15. Practical Interpretation

This architecture is best viewed as:

cross-sectional fusion across assets inside each row
temporal modeling across 252 days inside the sequence
multi-horizon regression at the output

The LSTM handles local sequential structure. The attention layers let the final representation compare distant days within the lookback window. The gating stages act as soft feature selection.

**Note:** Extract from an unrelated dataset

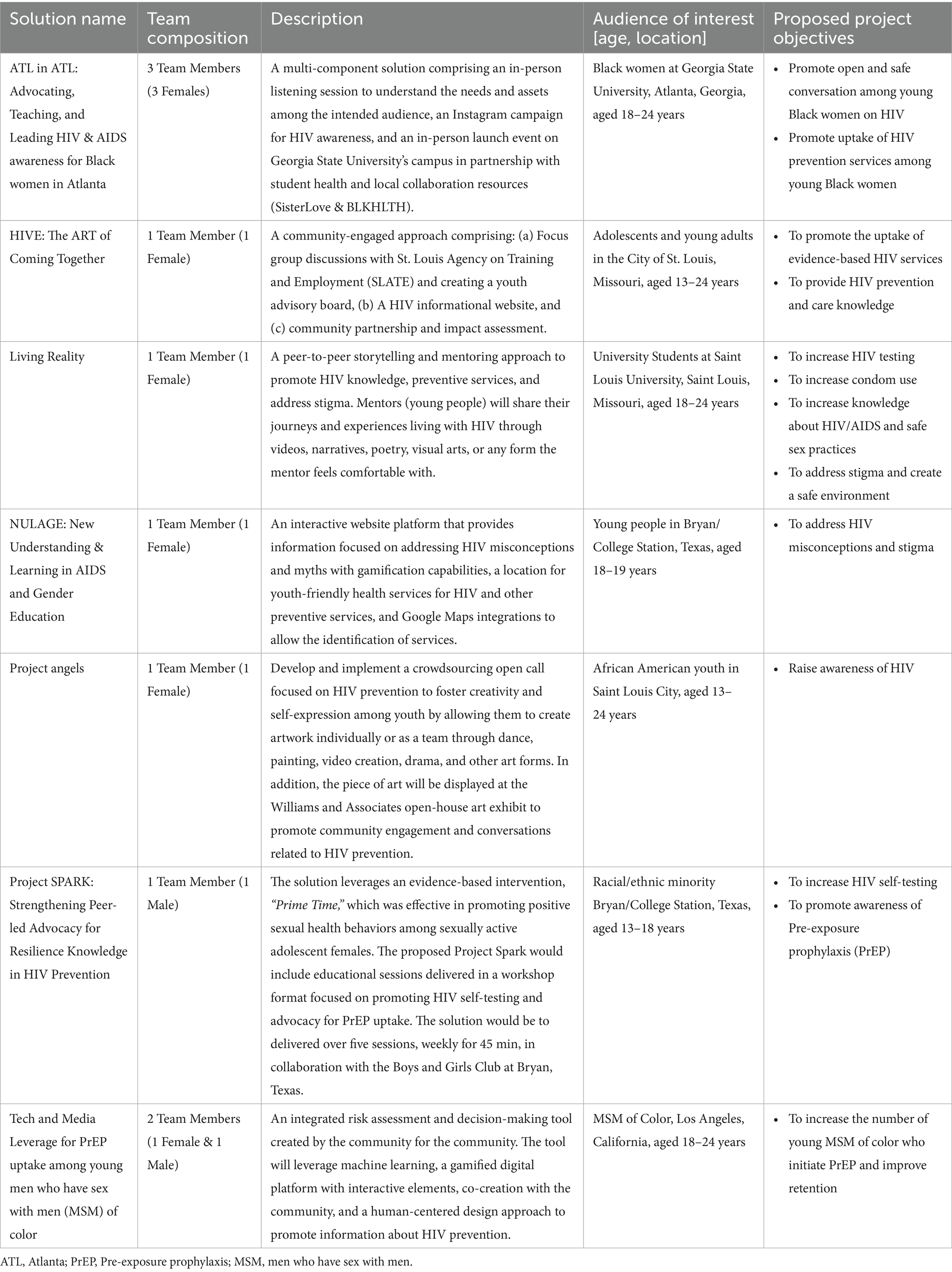 The STAR bootcamp culminated in seven proposals led by the STAR scholars, with support from the research team, mentors, and participatory learning community engagements. The various teams proposed diverse strategies to promote HIV prevention and awareness and address stigma among youth and minoritized populations. Most of the solutions involved some community-engagement components through activities such as listening sessions with a community interested in learning about their needs, resources, and assets; peer engagement through youth advisory boards; crowdsourcing open calls to generate innovative and creative solutions from young people for HIV prevention; art exhibits; and storytelling. In addition, technology-driven solutions were also suggested, including leveraging machine learning for risk assessment and tailoring of health information, using social media campaigns, gamified platforms for HIV education, and an interactive website for the geolocation of youth-friendly services for HIV. Overall, the solutions focused on some HIV prevention objectives, including reducing HIV stigma, promoting HIV knowledge, or the uptake of preventive services such as HIV testing and PrEP. The proposed solutions by the STAR scholars are provided in Table 3. Judges scores of the teams’ solutions are provided in Appendix 4.

16. Reproducibility Queries

Example raw data query:

SELECT ticker, date, close, volume
FROM market_data_daily
WHERE ticker IN ('AAPL','SPY','QQQ','TLT','VXX')
  AND date = DATE '2026-04-23'
ORDER BY ticker;

Example latest 252-day window span:

WITH d AS (
  SELECT date, ROW_NUMBER() OVER (ORDER BY date DESC) AS rn
  FROM market_data_daily
  WHERE ticker = 'AAPL'
)
SELECT MIN(date) AS window_start,
       MAX(date) AS window_end,
       COUNT(*)  AS trading_days
FROM d
WHERE rn <= 252;

17. Important Note

As of 2026-04-23, the checked-in model/tft/model.py file has a formatting corruption near the top of the file. The formulation above is based on the readable model body plus the training, dataset, config, export, and inference paths, which are consistent about the intended architecture.